A recently announced hotel project for an important intersection in the northeast neighborhood of Philadelphia known as "Fishtown" provides a useful case study of how a proposed development of commercial real estate must satisfy the local planning authority and the project's neighbors.

A developer who has built other projects in Fishtown announced plans to build a 125-room hotel at the intersection of Frankford Avenue and Leopold Street. The hotel would incorporate a jazz bar, a restaurant and bar, office space, and a banquet hall in addition to hotel guest rooms. The preliminary design shows a building of post-industrial architecture with floor-to-ceiling windows and high ceilinged rooms.

The developer said that he would seek rezoning of the three parcels comprising the project, and any such change requires neighborhood approval. Hence, the Fishtown Neighborhood Association recently held a zoning meeting to give neighbors a chance to air their concerns about the project. Current zoning limits total building floor space to 500% of the first floor area, but the plan calls for total square footage of 542 percent. Also, the zoning code requires an open area on the site, and the hotel as currently conceived would occupy the entire lot.

By common agreement, the biggest unanswered question is where and how the developer will provide the 107 parking spaces required by the zoning code. Several solutions are being discussed by the developer and local businesses.
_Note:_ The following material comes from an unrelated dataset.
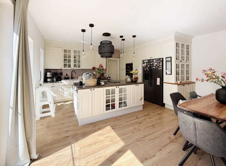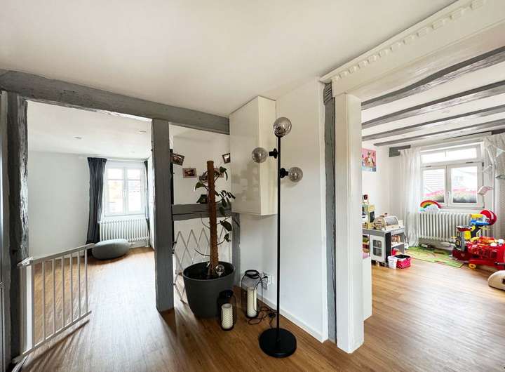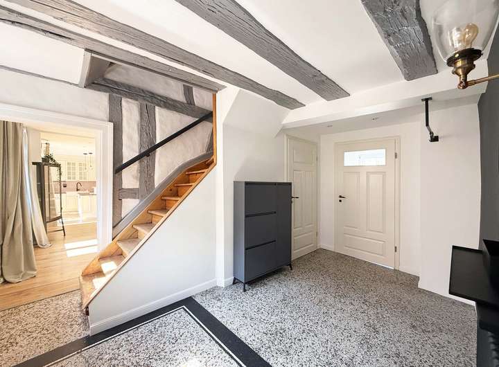 Ausstattung / Modernisierung: • 2021 Sanierung OG (Wände, Elektro, Heizung, Bäder) • 2024 Sanierung Gästezimmer EG • 2012 Pelletheizung • 2010 denkmalschutzkonforme Holzfenster • Dach neu aufgeschlagen Unter- und Zwischensparrendämmung ca. 26cm • Wallbox • Verrohrung und Verkabelung modernisiert • 2 Bäder + Gäste-WC + 2 Außen-WCs • Bodenbeläge: Vinyl, Laminat, Fliesen • Brunnen

Neighbors who expressed concern about the parking also stated that the developer was a "good guy" and that they expected him to work with them to find a viable solution.

The Association approved the project by an 81-7 vote. This show of strong support for the project shows how the developer has already endeavored to understand and meet the city's requirements and to assure the neighbors that he will work with them. The central lesson of this project for commercial real estate developers is to study and become familiar with zoning and construction requirements before announcing the project and to provide believable assurances to the neighbors that their concerns will be addressed. An experienced real estate attorney can offer valuable assistance in carrying out both steps.